Molte Ave Maria hanno rispettato il testo originale latino (quello della preghiera, per intenderci); ma tante altre, invece, cantate in lingua volgare, hanno testi in parte o in tutto rivisitati rispetto alla preghiera che ben conosciamo. Non nascondo che non pochi di essi sono pieni di melensaggini, sotto tutti i punti di vista, soprattutto teologico, ché finiscono collo sminuire la figura di Maria e il mistero dell’Incarnazione. Non voglio portare qui esempi negativi citando canzonette da chiesa più o meno note: tempo sprecato dal momento che vale l’errato principio: “non è bello ciò che è bello, è bello ciò che piace”. Voglio, invece, dedicare il mio tempo parlando di un’Ave Maria che, per quanto laica (così l’ha definita Antonella Ruggiero cantandola durante un concerto dove io ero presente), è profondamente religiosa, pur non essendo canzone da chiesa: l’Ave Maria di Fabrizio De Andrè. Si tratta di una canzone il cui brano musicale è armonicamente così ben costruito da poter a pieno diritto appartenere al genere classico. Lo dimostrano i vari arrangiamenti curati dai migliori concertisti di musica classica, tra cui mi piace menzionare il Maestro Andrea Bacchetti: pianista eccezionale, che da anni accompagna la straordinaria voce di Antonella Ruggiero, la quale proprio all’Ave Maria di De Andrè ha dato un’intensità e uno struggimento davvero unici, superando nell’interpretazione canora lo stesso cantautore genovese (qui).
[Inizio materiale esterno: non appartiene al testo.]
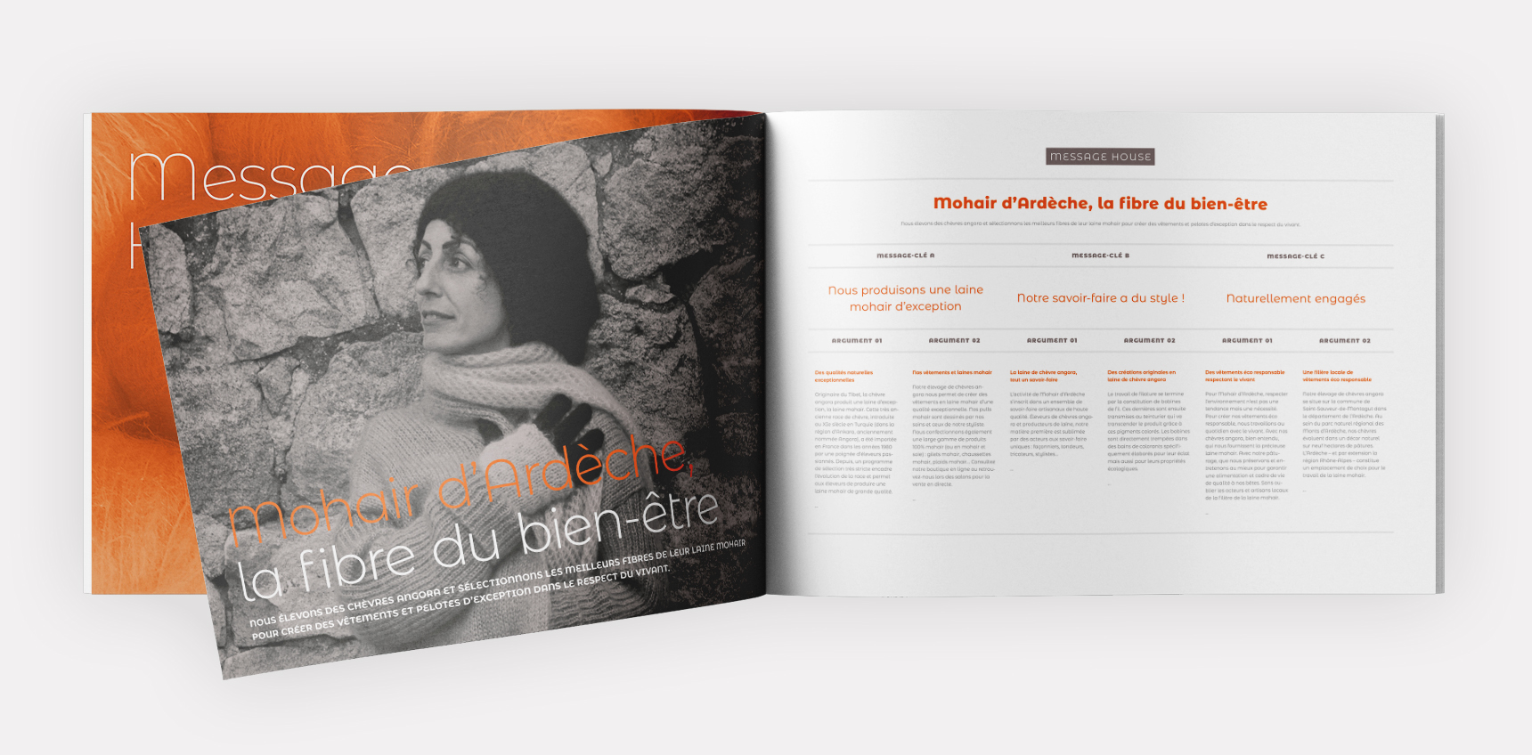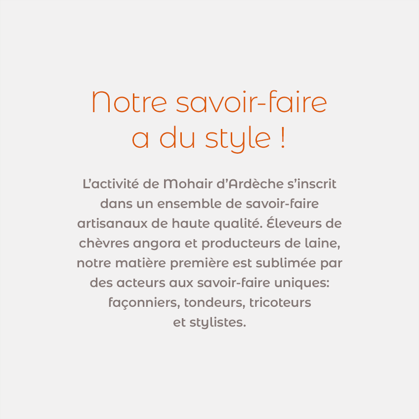 Mohair d’Ardèche élève des chèvres angora et produit une laine mohair d’exception. A travers la rédaction du message house, nous souhaitions valoriser une filière artisanale, créative et proche du vivant.

Cosa ha di diverso e di così speciale l’Ave Maria di Fabrizio De Andrè? Mi riferisco chiaramente al testo, oltre che alla musica, già sublime di per sé. Ha l’aver sottolineato l’essere pienamente “donna” di Maria a motivo del suo essere a tutti gli effetti “madre”; a prescindere dal figlio: “povero o ricco, umile o Messia”; e senza preoccuparsi affatto – a differenza di tanti che sono credenti-increduli – dell’aver concepito e partorito verginalmente Gesù. Il sospetto, infatti, per Maria, come per Giuseppe, “suo castissimo sposo” (come diciamo nella preghiera indulgenziata Dio sia benedetto, al termine dell’adorazione eucaristica) è, specialmente oggi in una società fortemente edonistica, di essere considerata donna a metà, per il fatto di non aver conosciuto uomo (cfr. Lc 1,34). Ho a suo tempo trattato la questione “San Giuseppe: ‘mezzo uomo’ o ‘uomo giusto’?” (v. qui), dimostrando che egli fu, “per le sue particolari doti virili, un vero uomo, un uomo di carattere”. Non da meno è Maria: la Donna per antonomasia; la Donna con la quale tutte le altre donne dovranno misurarsi. «Ave alle donne come te, Maria», esclama De Andrè, «femmine un giorno e poi madri per sempre, nella stagione che stagioni non sente».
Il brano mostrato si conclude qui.